Un couple de hiboux freine l’implantation d’éolienne
La Voix du Nord du 3 janvier 2008
ESPECES PROTEGEES
Avesnois : un couple de hiboux freine l’implantation d’éolienne
Le seul couple de grands ducs de la région bloque la réalisation d’un parc éolien transfrontalier. Rien que ça. Mais le développement de l’énergie alternative ne pèse t-il pas plus lourd dans la balance écologique qu e deux oiseaux qui ne seront « a priori » pas menacés ? Une étude est en cours ; le préfet tranchera.
Il est là depuis trois ou quatre ans, ce couple de grands-ducs qui a élu domicile dans une carrière de Wallers en Fagne, dans l’Avesnois. Travaux d’extraction, bruit et poussière ne semblent pas les déranger plus que ça. Mais comme il s’agit du seul couple de cette espèce répertorié dans le Nord - Pas-de-Calais, il bénéficie, à juste titre, d’une protection spéciale.
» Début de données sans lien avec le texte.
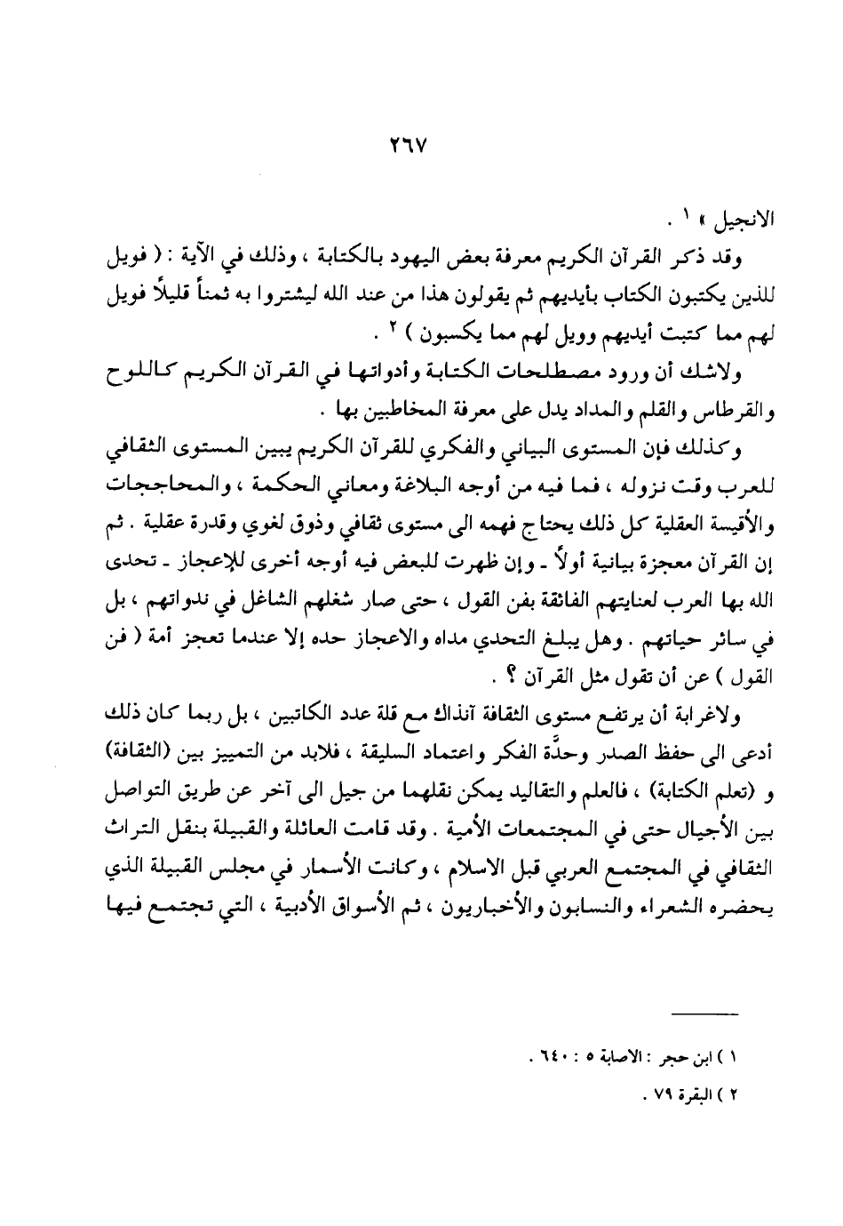 وكذلك فإن المستوى البياني والفكري للقرآن الكريم يبين المستوى الثقافي للعرب وقت نزوله، فما فيه من أوجه البلاغة ومعاني الحكمة، والمحاججات والأقيسة العقلية كل ذلك يحتاج فهمه إلى مستوى ثقافي وذوق لغوي وقدرة عقلية. ثم إن القرآن معجزة بيانية أولاً- وإن ظهرت للبعض فيه أوجه أخرى للإعجاز- تحدى الله بها العرب لعنايتهم الفائقة بفن القول، حتى صار شغلهم الشاغل في ندواتهم، بل في سائر حياتهم. وهل يبلغ التحدي مداه والإعجاز حده إلا عندما تعجز أمة (فن القول) عن أن تقول مثل القرآن؟.

Or ce projet d’installation d’une douzaine d’éoliennes à quelques 500 mètres du nid inquiète certains scientifiques et autres amoureux de la nature. Ils craignent que les oiseaux soient dérangés par le bruit ; ou tués par l’une des pales en mouvement. Mais les dons Quichotte hostiles aux moulins à vent modernes sont moins nombreux que l’on pourrait le penser ... le président de l’association naturaliste Aubépine fait partie de ceux qui sont « pour les éoliennes ! Nous observons et rédigeons des rapports, c’est tout. Contrairement à ce que pensent ou font croire certains, on ne bloque pas, nous, ce projet d’installation. Nous y somme favorables à condition qu’on ne fasse pas n’importe quoi. Notre avis est pris en compte et le projet a été modifié à plusieurs reprises ».
Le dernier mot du Préfet
L’association a été contactée par la société Windvision, et il a été convenu avec la Parc Naturel Régional (PNR) de l’Avesnois de confier à l’association Aubépine une étude sur la quinzaine de carrières du secteur.
Pas tous sont pour les éoliennes... mais les dons Quichotte sont moins nombreux que l’on pourrait penser.
L’objectif premier étant de voir si d’autres grands-ducs y sont présents. Ce qui pourrait très bien être le cas puisque une cinquantaine d’individus auraient été recensée dans des carrières belges pas très loin... « à vol d’oiseau » !
S’il s’avère que le couple de Wallers n’est pas le seul en Avesnois, ce sera plutôt bon signe pour l’avenir du projet éolien. La prospection devrait se terminer en mars.
L’association Aubépine remettre ses conclusions au Parc Naturel Régional en mai. La direction régionale de l’environnement (DIREN) pourrait se baser sur les résultats de cette étude pour rendre son avis au préfet, seul à pouvoir valider ou rejeter le projet.
Feu vert Belge
De l’autre côté de la frontière, la région wallonne a d’ores et déjà donné son feu vert au projet qui porte sur l’installation de douze éoliennes, une moitié du côté belge et l’autre moitié sur le versant français.
Dans l’Avesnois, deux communes sont concernées par ce parc éolien : Ohain pour cinq machine et Wallers-en-Fagne pour la sixième.
Chacun de ces six moulins français, d’une hauteur (pales comprises) de 110 mètres, coûte 2 millions d’euros. La société Windvision, qui porte le projet, devrait versée une taxe foncière annuelle de100 000 euros, dont 60 000 euros pour la seule commune d’Ohain.